In June 2021, the FDA nevertheless granted approval of Aduhelm. It was a move that shocked and outraged the advisory committee members and outside researchers, and drew attention from lawmakers. Three members of the advisory committee resigned in protest. One of them, Aaron Kesselheim, of Harvard University, wrote to then-acting FDA Commissioner Janet Woodcock that the FDA’s decision was “probably the worst drug approval decision in recent US history.” Meanwhile, noted pharmaceutical industry veteran and blogger Derek Lowe called the FDA’s decision “disgraceful.”
A Congressional investigation report released in December 2022 found the FDA’s review of Aduhelm was “rife with irregularities” and suggested that Billy Dunn, head of the FDA’s neuroscience office, had too-cozy a relationship with Biogen employees, finding “atypical collaboration and interactions.” Dunn stepped down from his role at the FDA in February 2023.
But, amid the backlash over the FDA’s approval, Biogen moved forward with Aduhelm, announcing the drug’s list price soon after the regulatory green light.
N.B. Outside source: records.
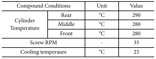 열가소성 복합재료 시편을 제조하기 이전에, PA66 소재는 흡습된 수분을 제거하기 위하여 80oC 오븐에서 24시간동안 건조 후 사용하였다. 열가소성 복합소재를 제조하기 위하여 1차적으로 컴파운드(compound) 공정을 진행하였다. 컴파운드 공정 시 발생하는 손실율을 고려하여 각 소재(PA66, GF)는 10 kg씩 소분한 후에, 4회의 hand mixing 작업을 실시한 후 사용하였고, 유리섬유의 질량분율(10, 20, 30, 50, 60 wt.%)에 따라 컴파운드 공정을 실시하여, 길이 3 ± 0.1 mm의 펠렛(pellet) 형태의 시편을 생성하고자 하였다. 컴파운드 공정 시, 열안정제(1.5 wt.%), UV 안정제(1.0 wt.%), 산화방지제(0.5 wt.%)를 첨가한 혼합 유체(PA66/GF/첨가제)를 사용하였고, 혼합 유체의 가공 장비 내에 In-situ 상태에서의 screw element와 RPM 설정에 따른 복합재료의 물성파악을 위한 용도로 이축압출기(twin screw extruder, HAAKEpolylab QC Inc., Netherlands)를 사용하였다. 이축압출기를 활용한 컴파운도 공정 조건은 Table 1에 나타내었다.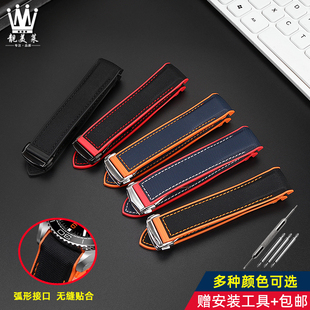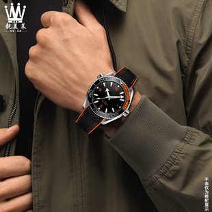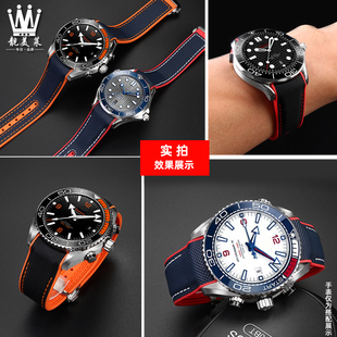 适配欧米茄海马300天文台海洋宇宙600四分之一橙尼龙硅橡胶手表带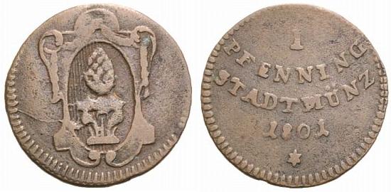 | Revers | (bogig) I PFENNING STADTMÜNZ 1801 |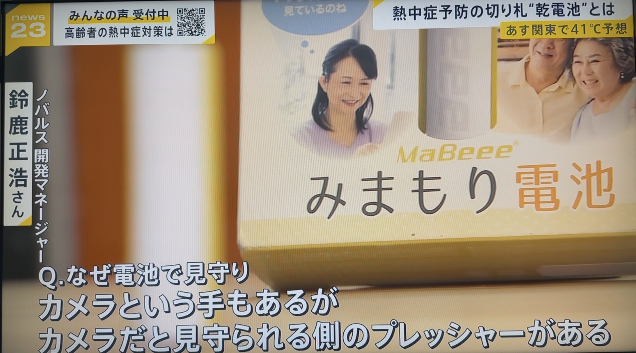 TBS系列「ニュース23」で、当社みまもり電池が放映されました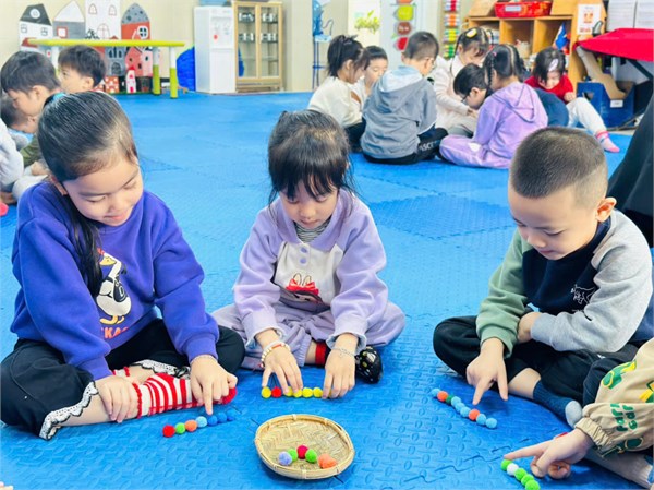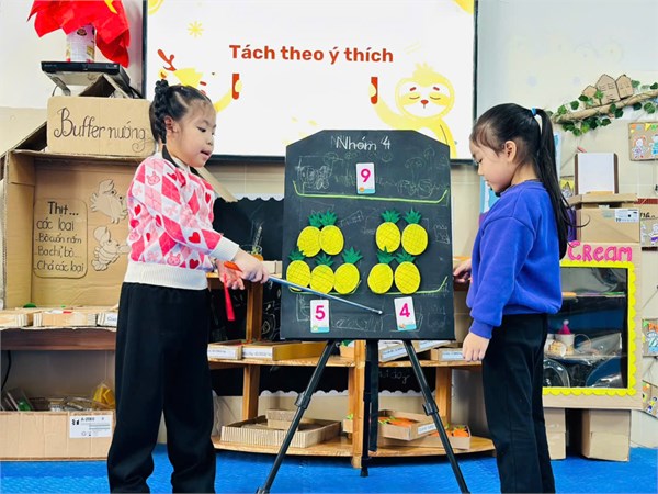 Tập ảnh : Ảnh đẹp tháng 2- Các bé MGL A3 trong giờ học tách- gộp 9 đối tượng tnahf 2 phần theo các cách khác nhau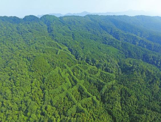 邛崃天台山镇当年林场工人种植下的鹅掌楸在空中看起来像一个“犇”字。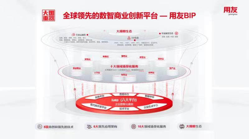 作為企業(yè)數(shù)智化云服務(wù)與軟件龍頭廠商,用友自1988年創(chuàng)立以來,一直專注于信息技術(shù)在企業(yè)與公共組織應(yīng)用與服務(wù)領(lǐng)域,先后發(fā)展成為中國最大的財(cái)務(wù)軟件提供商、亞太最大全球前10的ERP軟件提供商,并累計(jì)服務(wù)了上萬家大型企業(yè)信息化。近年來,用友戰(zhàn)略研發(fā)推出了全新一代服務(wù)企業(yè)數(shù)智化的商業(yè)創(chuàng)新平臺(tái)—用友BIP,已先后服務(wù)了海內(nèi)外不同規(guī)模的眾多行業(yè)領(lǐng)先企業(yè)的數(shù)智商業(yè)創(chuàng)新,被重要央媒譽(yù)為企業(yè)數(shù)智化的“大國重器”。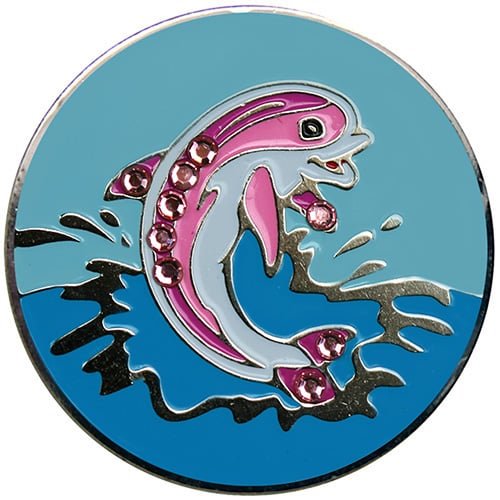 This adorable golf ball marker is 24.5mm round (about the size of a quarter), is made of iron, and plated in nickel. Hand painted with raised metal, this golf ball marker includes a matching magnetic hat clip. The hat clip has a strong magnet that keeps your ball marker in place until you are ready to remove it. Upgrade to a switchblade divot tool, necklace, divot tool hat clip, or shoe clip for a small additional charge. Wholesale pricing available.
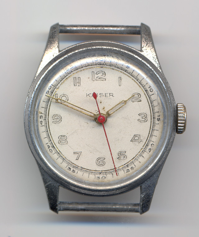 In the early 1950ies, the pin lever movement Kaiser K48 was launched in Villingen, Germany. With a diameter of 10 1/2 lignes, it was like many other pin lever movements of that time with the only difference, that it already had got a central center second hand.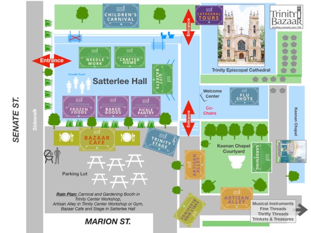 Bazaar Map – Satterlee Hall, Children’s Carnival,  Bazaar Cafe, Trinity Stage, Gardening Booth, Artisan Alley

According to a report by Stat News, the company had hired consultants to help research the best price. Their final report suggested that a price between $15,000 to $20,000 a year would maximize the number of patients who could get the drug, while a price of less than $40,000 would limit pushback. A price over $40,000, on the other hand, would allow for “revenue maximization.” Biogen set the list price at $56,000 a year.
The price only added to the outrage and controversy. Some insurers refused to cover it. In April 2022, Medicare limited coverage only to those enrolled in a clinical trial. A month later, Biogen’s then-CEO Michel Vounatsos announced his resignation. Aduhelm was a flop, bringing in just $3 million in 2021, its first year on the market. In 2022, its sales weren’t big enough to be listed separately, and they were instead included in an “other” category, which totaled $13 million.
Along with ditching Aduhelm, Biogen, now under CEO Christopher Viehbacher, is shifting its priorities and will focus on its newer Alzheimer’s drug, Leqembi. Another anti-amyloid antibody drug, Leqembi yielded more convincing data of some benefit in clinical trials. But, the benefit was modest, and the drug, like Aduhelm, carries significant risks.
In Wednesday’s announcement, Viehbacher said: “When searching for new medicines, one breakthrough can be the foundation that triggers future medicines to be developed. Aduhelm was that groundbreaking discovery that paved the way for a new class of drugs and reinvigorated investments in the field.”
In a blog post on Wednesday, pharmaceutical industry veteran Lowe summarized the whole situation as a “debacle.”
The saga “ended up doing a lot of actual damage,” Lowe wrote, criticizing the company’s new focus on Leqembi, which he noted carries significant risks. “I think one of the reasons Leqembi was approved (and Lilly’s donanemab is likely to be, this year) is that [Aduhelm] was approved. I remain skeptical that these drugs will provide any real-world benefit, but I am not skeptical at all of the sales potentials for both of them.”